IDEAL-ICU: Early vs. Delayed RRT in Septic Shock with AKI (2018)

“In this multicenter randomized controlled trial, we found no significant difference in 90-day mortality between an early and a delayed strategy for initiating renal replacement therapy in patients with septic shock and severe acute kidney injury.”

  • The IDEAL-ICU Investigators

1. Publication Details

  • Trial Title: Early versus Delayed Initiation of Renal Replacement Therapy for Severe Acute Kidney Injury in Critically Ill Patients With Septic Shock: A Multicenter, Randomized Controlled Trial
  • Citation: Barbar SD, Clere-Jehl R, Bourredjem A, et al. Timing of Renal-Replacement Therapy in Patients with Acute Kidney Injury and Sepsis.

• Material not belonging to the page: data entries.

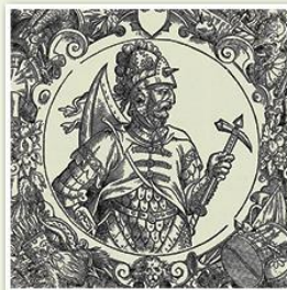
Князь Витень. Из хроники Александра Гваньини. 1578 г.

Проведите исследование и определите историю названия герба ВКЛ. Какие легенды о происхождении «Погони» вам известны?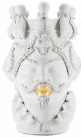
200840,01 VASE MORO MAN BIG LIPSTICK H48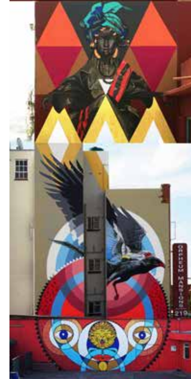
Dakar - Senegal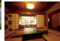
半露天風呂付き和室

竹林と数寄屋造りが情緒ある「温かくやすらぐ、気のかよ宿」。風呂は佐官仕上げなど古来の手法で造り上げています。日本建築の美と日本料理、風呂、風情、おもてなしがひとつになった宿です。

N Engl J Med. 2018;379(15):1431-1442. DOI: 10.1056/NEJMoa1803213
  • Published: October 11, 2018, in The New England Journal of Medicine
  • Author: Sigismond D. Barbar, M.D.
  • Funding: French Ministry of Health

2. Keywords

  • Acute Kidney Injury (AKI), Renal Replacement Therapy (RRT), Sepsis, Septic Shock, Critical Care, Randomized Controlled Trial

3. The Clinical Question

  • In critically ill adult patients with early-stage septic shock and severe acute kidney injury (Population), does an early strategy of initiating renal-replacement therapy (RRT) (Intervention) compared to a delayed strategy (Comparison) reduce 90-day all-cause mortality (Outcome)?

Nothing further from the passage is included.